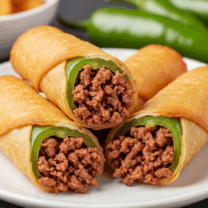 A: Imagine the bold, creamy, and spicy flavors of a classic jalapeno popper, but wrapped in a crispy, golden egg roll shell-and then add savory ground beef for an irresistible twist. These egg rolls transform a popular appetizer into a hearty, bite-sized snack that’s perfect for any occasion.
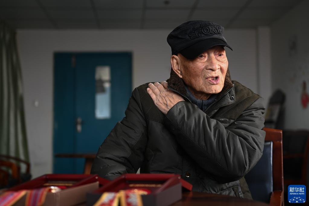 罗锦文老人在浙江省平湖市一家老年康复护理院接受记者采访,摸着右侧肩膀里子弹的位置(3月2日摄)。新华社记者 黄宗治 摄
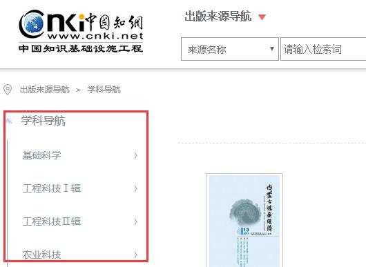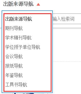 鼠标移入页头“导航”,显示各出版来源导航,点击进入相对应导航页面。
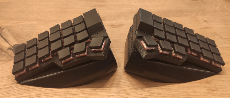 По-моему, наклон вполне правильный, и в собранном состоянии клавиатура теперь занимает ненамного больше места, но становится лучше защищённой при транспортировке. В разложенном состоянии половинки чехла служат наклонными подставками. Теперь нужно придумать механизмы фиксации — половинки должны крепиться к подставкам, а в собранном состоянии коробочка не должна рассыпаться. Думаю, тут можно использовать магниты. Посмотрим, что из этого выйдет.
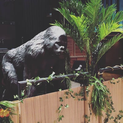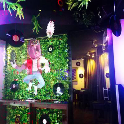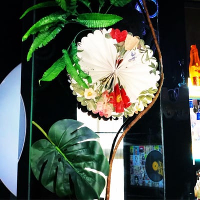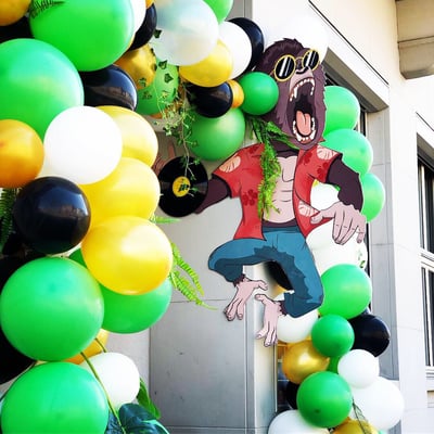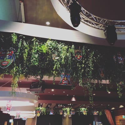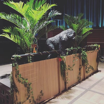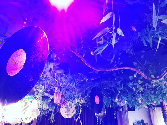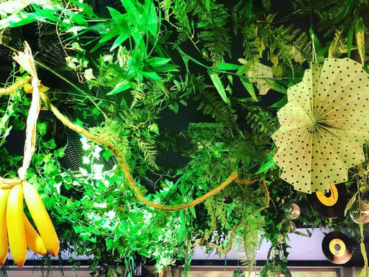 Passend dazu verwandelten wir den Paul Club in einen wilden Dschungel mit Bananen, Urwaldgewächs, Lianen, Faltrosetten und Schallplatten.
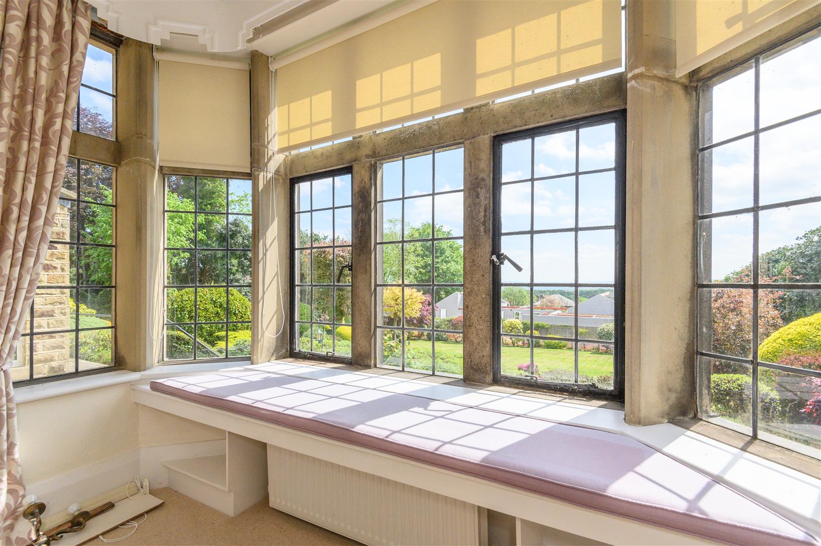 The main living room is a standout space, complete with a gas fireplace framed by a marble surround and Adams-style mantle. Stone mullioned bay windows offer a built-in seat, and frame sweeping views stretching as far as Emley Moor Mast.
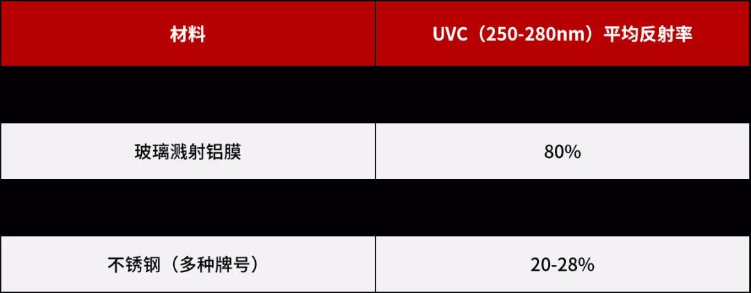 水杯内壁的材料的紫外反射率影響紫外光的穿透性,杯子越深,杯口越小,内壁材料的反射率影響越大。
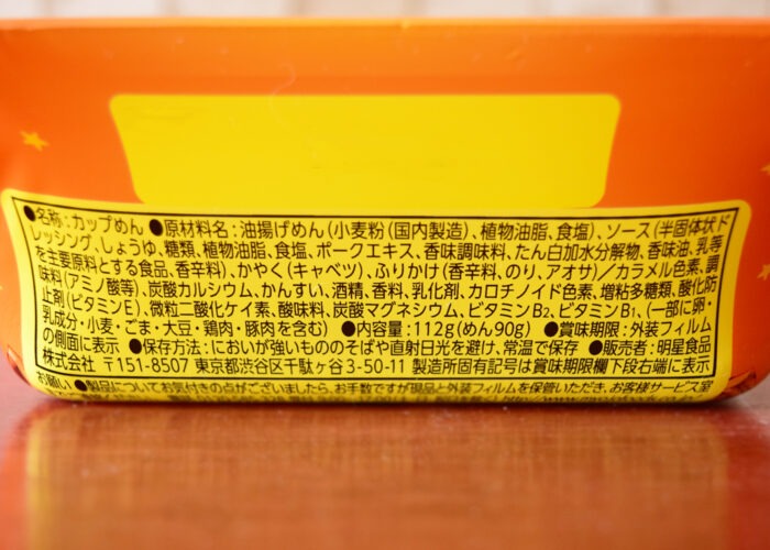特製マヨ・液体ソース・かやくが入っています。かやくの中身はキャベツです。
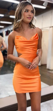 Chic Orange Satin Spaghetti Strap Bodycon Gown for Stylish Sheath Homecoming Dresses Mini Party Gown
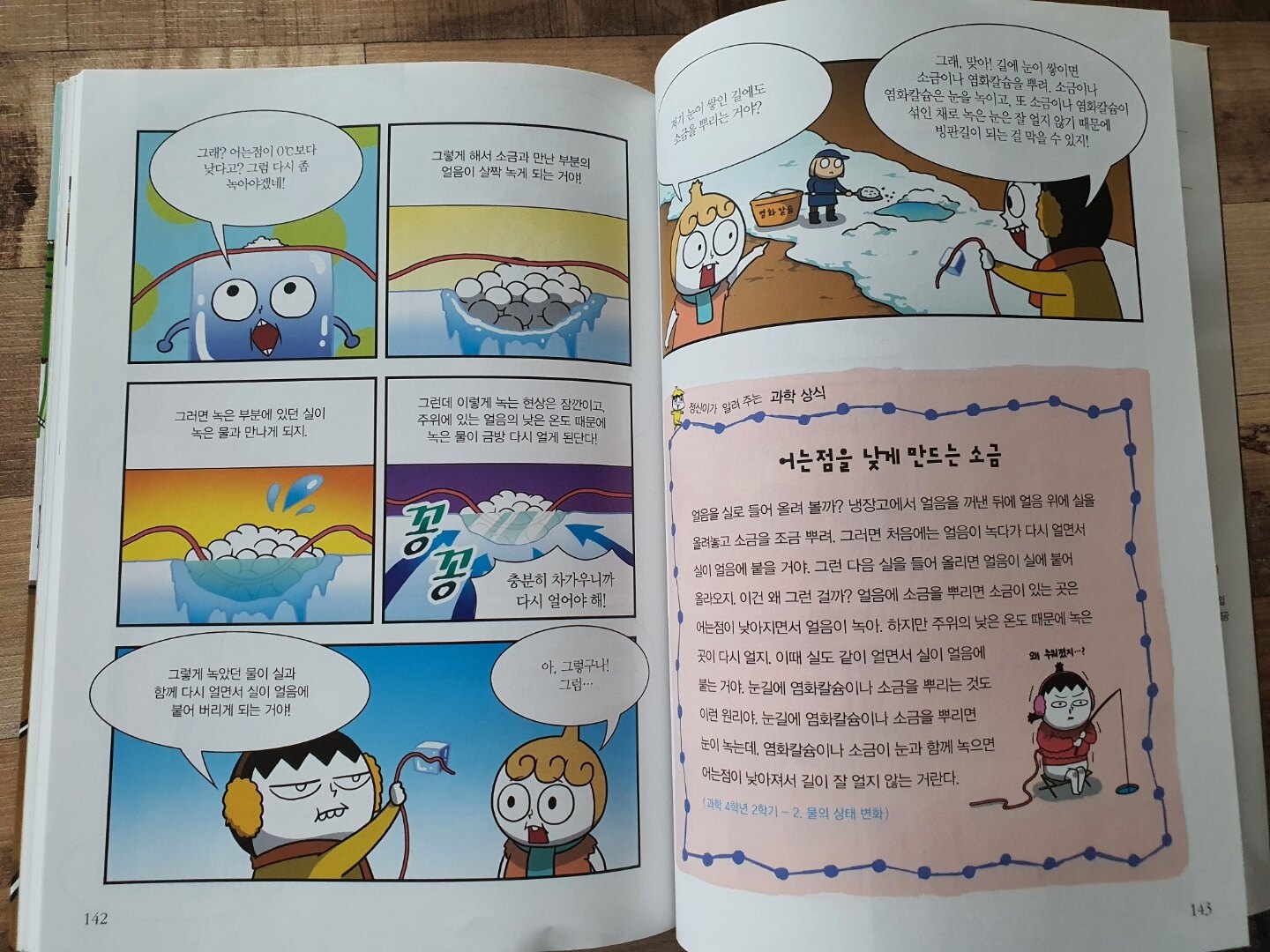 정신줄 가족이 언제까지나 곤충으로 있는 줄로 알았는데 다시 본 모습으로 돌아왔습니다. 그런데 이번엔 얼음과 소금에 대한 과학 원리를 재미있게 설명하네요. 소금은 어는 점을 낮게 만들어 주는데요. 얼음에 소금을 뿌리면 소금이 있는 곳은 어는점이 낮아지면서 얼음이 녹습니다. 하지만 주위의 낮은 온도 때문에 녹은 곳이 다시 얼게 되면서 얼음과 소금이 실과 얼음을 붙게 만드는 것입니다. 지금처럼 겨울철에 눈이 많이 내리거나 아주 추운 날씨에 염화칼슘이나 소금이 눈과 함께 녹으면 어는점이 낮아져서 길이 잘 얼지 않는 이유도 그때문인 것입니다. 아이들은 그래서 눈오는 날 하얀 알갱이를 뿌렸구나~ 하며 이해합니다.
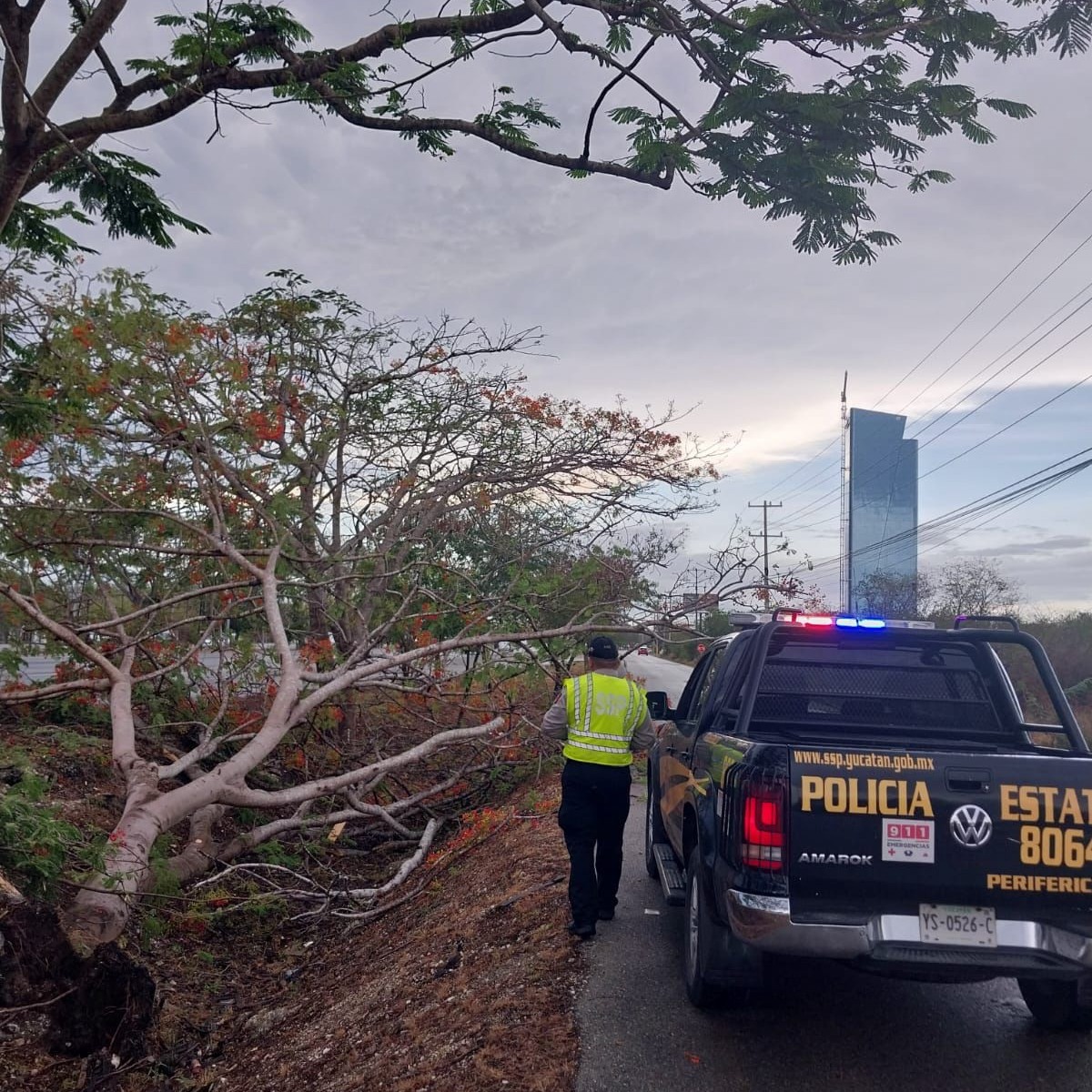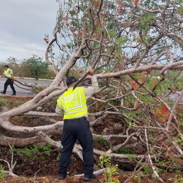 Como parte de las acciones de auxilio a la ciudadanía, elementos de la SSP se encuentran realizando labores para liberar calles y avenidas afectadas por la caída de árboles ocasionada por la lluvia. Estas intervenciones permiten restablecer la circulación vehicular y prevenir accidentes.

--- --- ---

> _Exercise directions_
Once the line containing "特製マヨ・液体ソース・かやくが入っています。かやくの中身はキャベツです。" has been copied, stop; everything from the first line of the data up to it must be copied exactly, without pictures.

> _Solution for this problem_
 A: Imagine the bold, creamy, and spicy flavors of a classic jalapeno popper, but wrapped in a crispy, golden egg roll shell-and then add savory ground beef for an irresistible twist. These egg rolls transform a popular appetizer into a hearty, bite-sized snack that’s perfect for any occasion.
 罗锦文老人在浙江省平湖市一家老年康复护理院接受记者采访,摸着右侧肩膀里子弹的位置(3月2日摄)。新华社记者 黄宗治 摄
 鼠标移入页头“导航”,显示各出版来源导航,点击进入相对应导航页面。
 По-моему, наклон вполне правильный, и в собранном состоянии клавиатура теперь занимает ненамного больше места, но становится лучше защищённой при транспортировке. В разложенном состоянии половинки чехла служат наклонными подставками. Теперь нужно придумать механизмы фиксации — половинки должны крепиться к подставкам, а в собранном состоянии коробочка не должна рассыпаться. Думаю, тут можно использовать магниты. Посмотрим, что из этого выйдет.
 Passend dazu verwandelten wir den Paul Club in einen wilden Dschungel mit Bananen, Urwaldgewächs, Lianen, Faltrosetten und Schallplatten.
 The main living room is a standout space, complete with a gas fireplace framed by a marble surround and Adams-style mantle. Stone mullioned bay windows offer a built-in seat, and frame sweeping views stretching as far as Emley Moor Mast.
 水杯内壁的材料的紫外反射率影響紫外光的穿透性,杯子越深,杯口越小,内壁材料的反射率影響越大。
特製マヨ・液体ソース・かやくが入っています。かやくの中身はキャベツです。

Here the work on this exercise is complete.